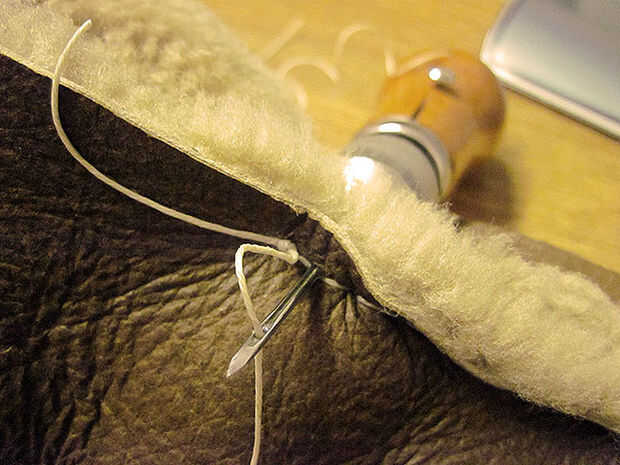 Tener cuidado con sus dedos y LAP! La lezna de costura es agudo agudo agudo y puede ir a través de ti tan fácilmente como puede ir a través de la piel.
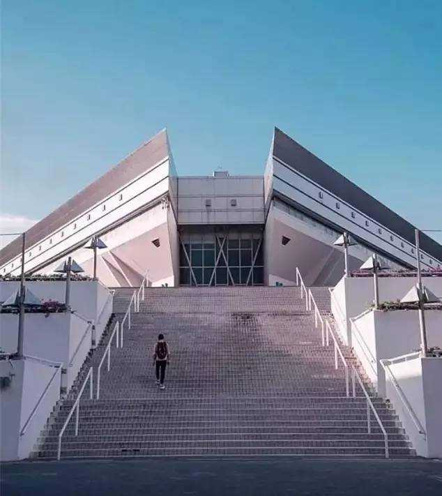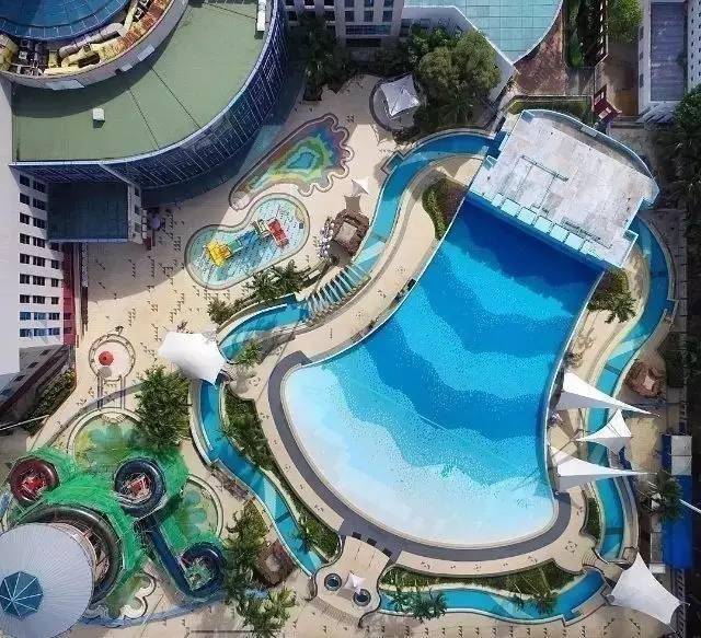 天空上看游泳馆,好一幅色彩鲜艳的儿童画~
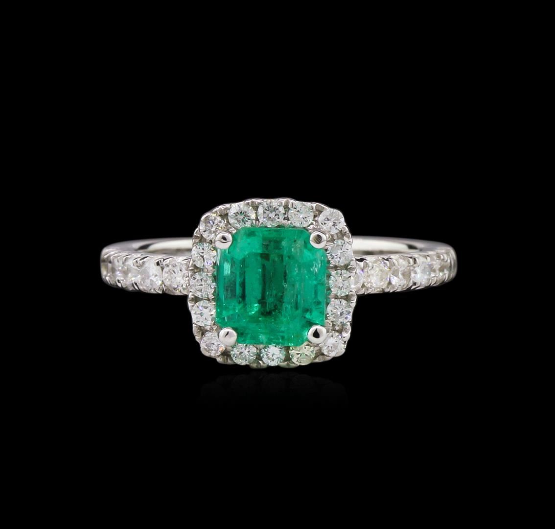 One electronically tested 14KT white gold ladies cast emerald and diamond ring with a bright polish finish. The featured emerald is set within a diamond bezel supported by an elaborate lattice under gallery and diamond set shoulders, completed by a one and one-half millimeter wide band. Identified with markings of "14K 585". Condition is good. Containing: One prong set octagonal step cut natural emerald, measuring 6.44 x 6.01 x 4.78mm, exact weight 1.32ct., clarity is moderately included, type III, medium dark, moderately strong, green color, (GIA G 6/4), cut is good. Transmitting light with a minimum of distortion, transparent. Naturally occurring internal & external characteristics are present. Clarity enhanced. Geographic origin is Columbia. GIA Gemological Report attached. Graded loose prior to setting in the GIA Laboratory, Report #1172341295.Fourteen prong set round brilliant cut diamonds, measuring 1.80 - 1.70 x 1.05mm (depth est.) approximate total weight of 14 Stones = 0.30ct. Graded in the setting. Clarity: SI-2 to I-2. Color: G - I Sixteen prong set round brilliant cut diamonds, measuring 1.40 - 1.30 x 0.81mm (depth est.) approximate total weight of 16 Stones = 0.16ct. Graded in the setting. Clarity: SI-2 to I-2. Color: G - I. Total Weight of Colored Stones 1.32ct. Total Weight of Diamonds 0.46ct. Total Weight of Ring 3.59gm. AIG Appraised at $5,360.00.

--

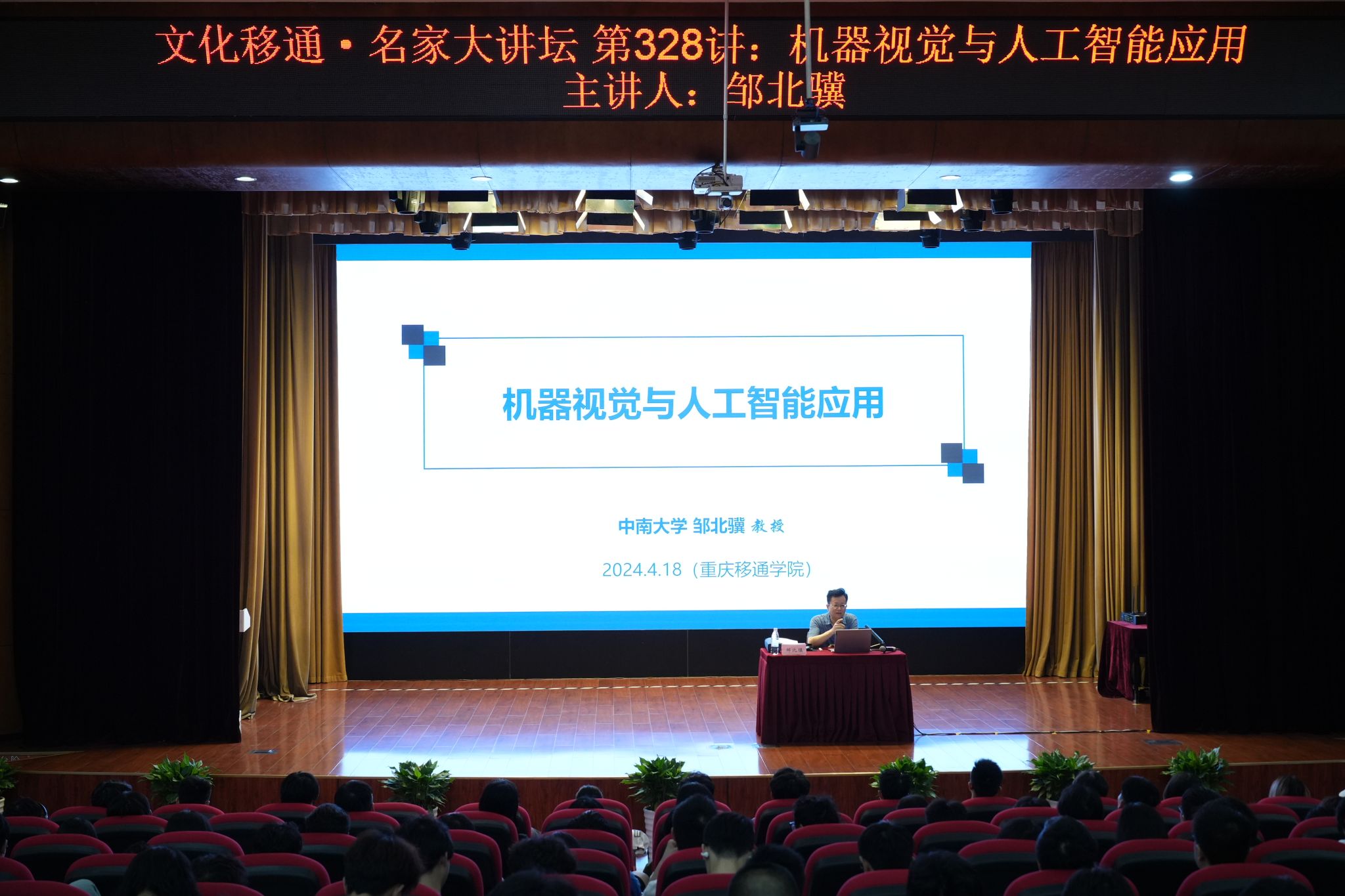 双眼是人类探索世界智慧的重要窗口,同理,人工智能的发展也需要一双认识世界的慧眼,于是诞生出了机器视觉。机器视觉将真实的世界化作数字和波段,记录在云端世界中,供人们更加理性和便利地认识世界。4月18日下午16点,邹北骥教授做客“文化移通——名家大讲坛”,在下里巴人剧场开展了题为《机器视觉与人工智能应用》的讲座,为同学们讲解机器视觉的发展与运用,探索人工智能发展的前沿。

--

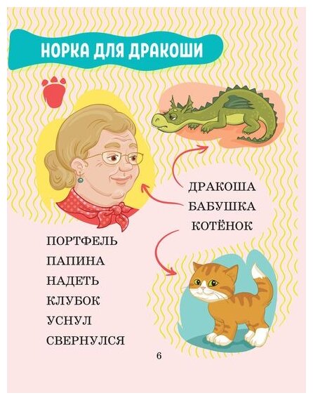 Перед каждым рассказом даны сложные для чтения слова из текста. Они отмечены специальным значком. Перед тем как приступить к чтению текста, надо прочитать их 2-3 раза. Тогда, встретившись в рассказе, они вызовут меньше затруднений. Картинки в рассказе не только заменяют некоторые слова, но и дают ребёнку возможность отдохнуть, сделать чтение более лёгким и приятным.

* _What the exercise asks_:
Here the job is to copy the stretch of records from the line containing "Tener cuidado con" through the line containing "天空上看游泳馆,好一幅色彩鲜艳的儿童画~", word for word. Leave every picture out.

* _The answer_:
 Tener cuidado con sus dedos y LAP! La lezna de costura es agudo agudo agudo y puede ir a través de ti tan fácilmente como puede ir a través de la piel.
 天空上看游泳馆,好一幅色彩鲜艳的儿童画~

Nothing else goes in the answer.